* Task item: Keep every word of the listing and reproduce it exactly, but set aside any image found there.

* Collected data:
▼▼▼
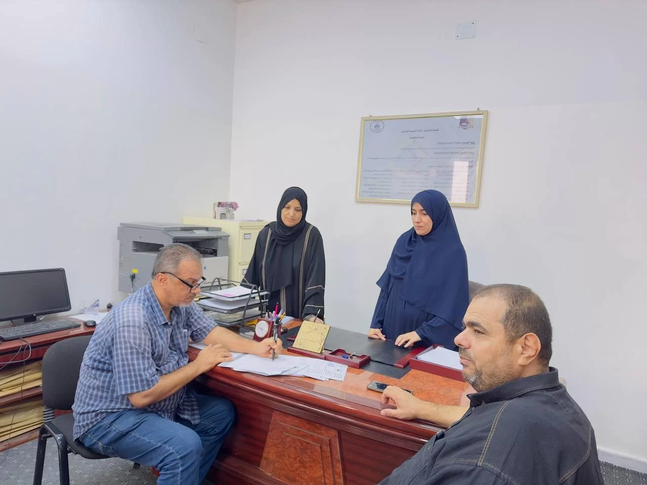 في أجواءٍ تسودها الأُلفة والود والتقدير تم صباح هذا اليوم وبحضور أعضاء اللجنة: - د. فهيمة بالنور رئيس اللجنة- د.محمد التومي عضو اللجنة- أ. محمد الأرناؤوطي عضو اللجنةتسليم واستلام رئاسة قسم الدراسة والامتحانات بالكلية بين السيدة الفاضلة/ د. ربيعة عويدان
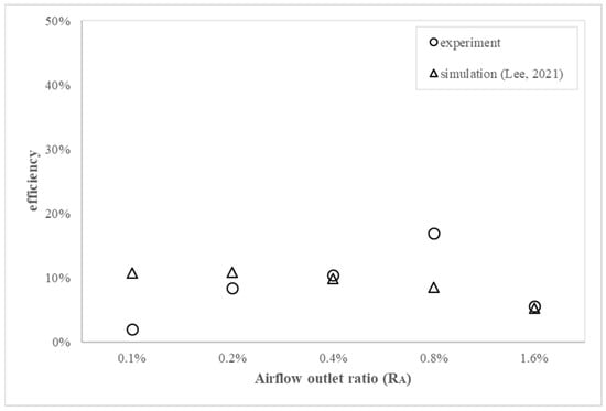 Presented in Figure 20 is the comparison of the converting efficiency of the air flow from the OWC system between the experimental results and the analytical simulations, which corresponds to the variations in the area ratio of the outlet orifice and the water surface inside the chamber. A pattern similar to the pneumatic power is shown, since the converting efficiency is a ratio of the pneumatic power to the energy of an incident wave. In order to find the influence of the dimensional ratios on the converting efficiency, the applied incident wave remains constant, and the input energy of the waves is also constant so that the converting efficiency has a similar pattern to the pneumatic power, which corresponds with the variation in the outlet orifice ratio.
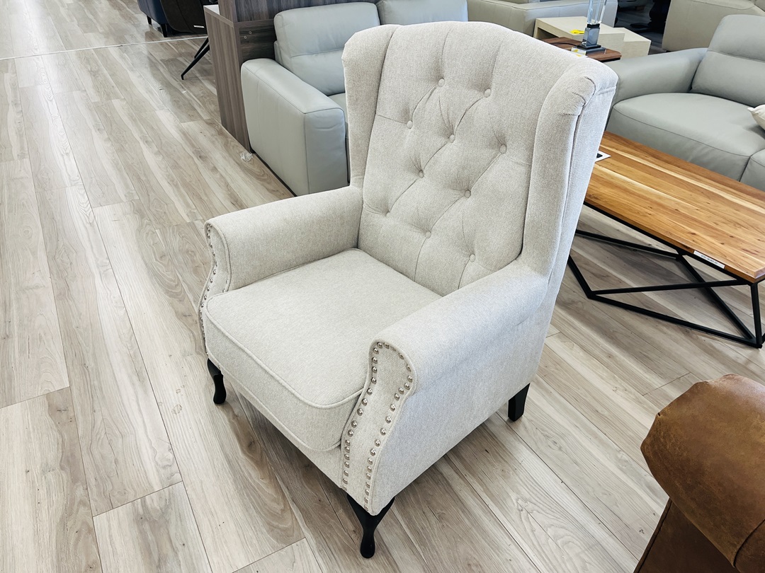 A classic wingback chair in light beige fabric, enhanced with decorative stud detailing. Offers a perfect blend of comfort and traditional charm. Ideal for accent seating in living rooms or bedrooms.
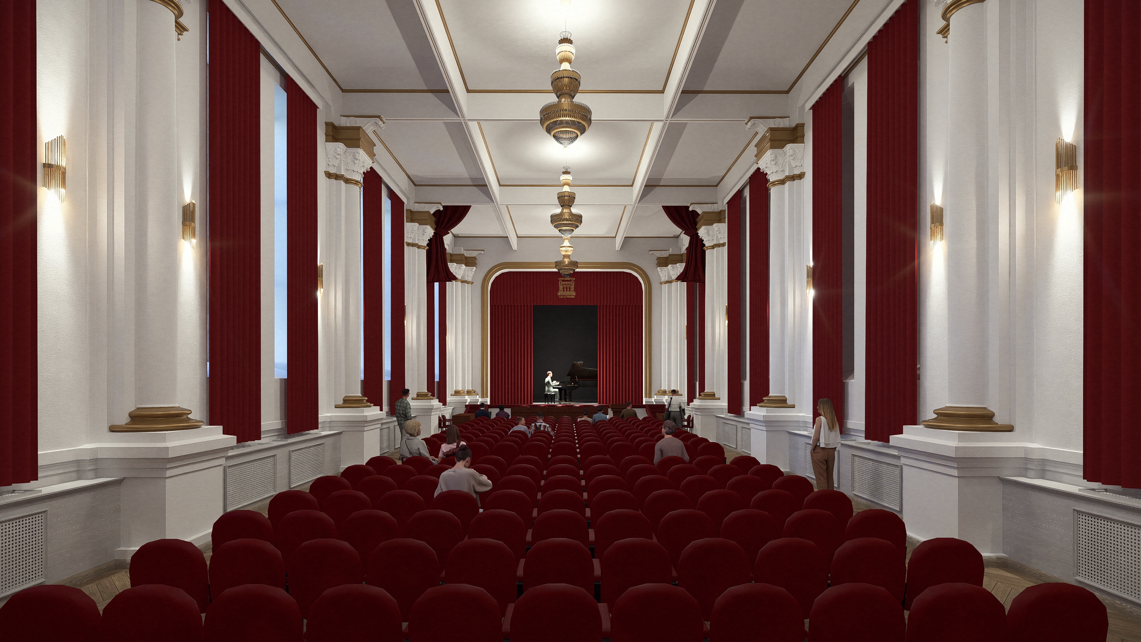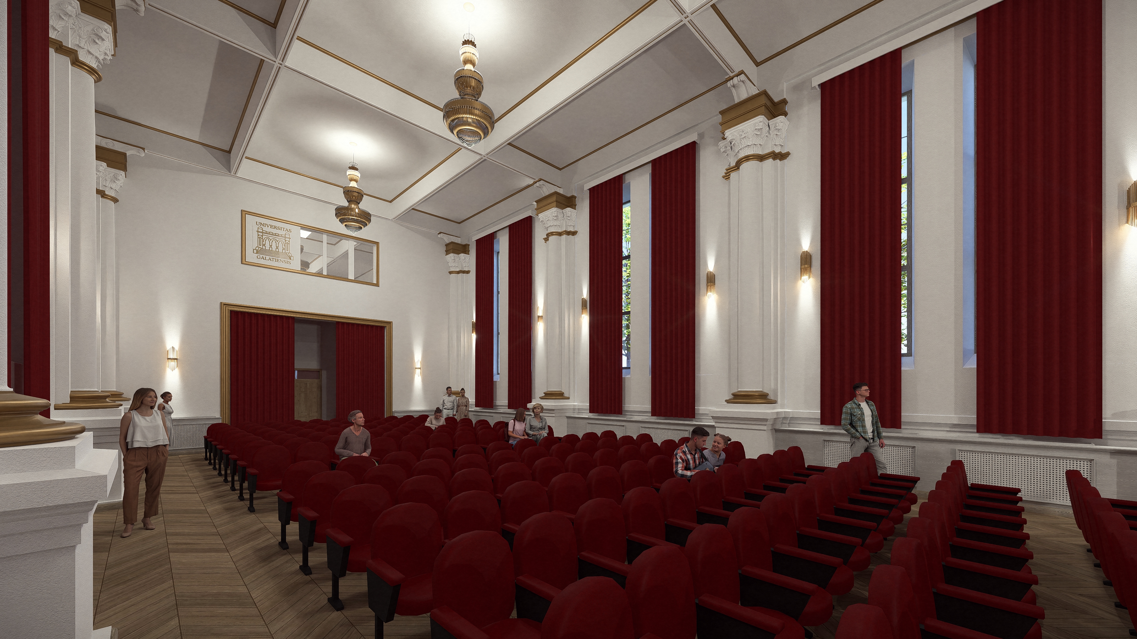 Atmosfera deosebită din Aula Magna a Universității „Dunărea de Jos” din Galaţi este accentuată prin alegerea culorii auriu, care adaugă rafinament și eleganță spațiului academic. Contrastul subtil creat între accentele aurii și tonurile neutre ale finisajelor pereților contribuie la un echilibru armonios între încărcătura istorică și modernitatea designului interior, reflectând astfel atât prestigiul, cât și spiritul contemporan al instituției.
▲▲▲
* Exercise output:
 في أجواءٍ تسودها الأُلفة والود والتقدير تم صباح هذا اليوم وبحضور أعضاء اللجنة: - د. فهيمة بالنور رئيس اللجنة- د.محمد التومي عضو اللجنة- أ. محمد الأرناؤوطي عضو اللجنةتسليم واستلام رئاسة قسم الدراسة والامتحانات بالكلية بين السيدة الفاضلة/ د. ربيعة عويدان
 Presented in Figure 20 is the comparison of the converting efficiency of the air flow from the OWC system between the experimental results and the analytical simulations, which corresponds to the variations in the area ratio of the outlet orifice and the water surface inside the chamber. A pattern similar to the pneumatic power is shown, since the converting efficiency is a ratio of the pneumatic power to the energy of an incident wave. In order to find the influence of the dimensional ratios on the converting efficiency, the applied incident wave remains constant, and the input energy of the waves is also constant so that the converting efficiency has a similar pattern to the pneumatic power, which corresponds with the variation in the outlet orifice ratio.
 A classic wingback chair in light beige fabric, enhanced with decorative stud detailing. Offers a perfect blend of comfort and traditional charm. Ideal for accent seating in living rooms or bedrooms.
 Atmosfera deosebită din Aula Magna a Universității „Dunărea de Jos” din Galaţi este accentuată prin alegerea culorii auriu, care adaugă rafinament și eleganță spațiului academic. Contrastul subtil creat între accentele aurii și tonurile neutre ale finisajelor pereților contribuie la un echilibru armonios între încărcătura istorică și modernitatea designului interior, reflectând astfel atât prestigiul, cât și spiritul contemporan al instituției.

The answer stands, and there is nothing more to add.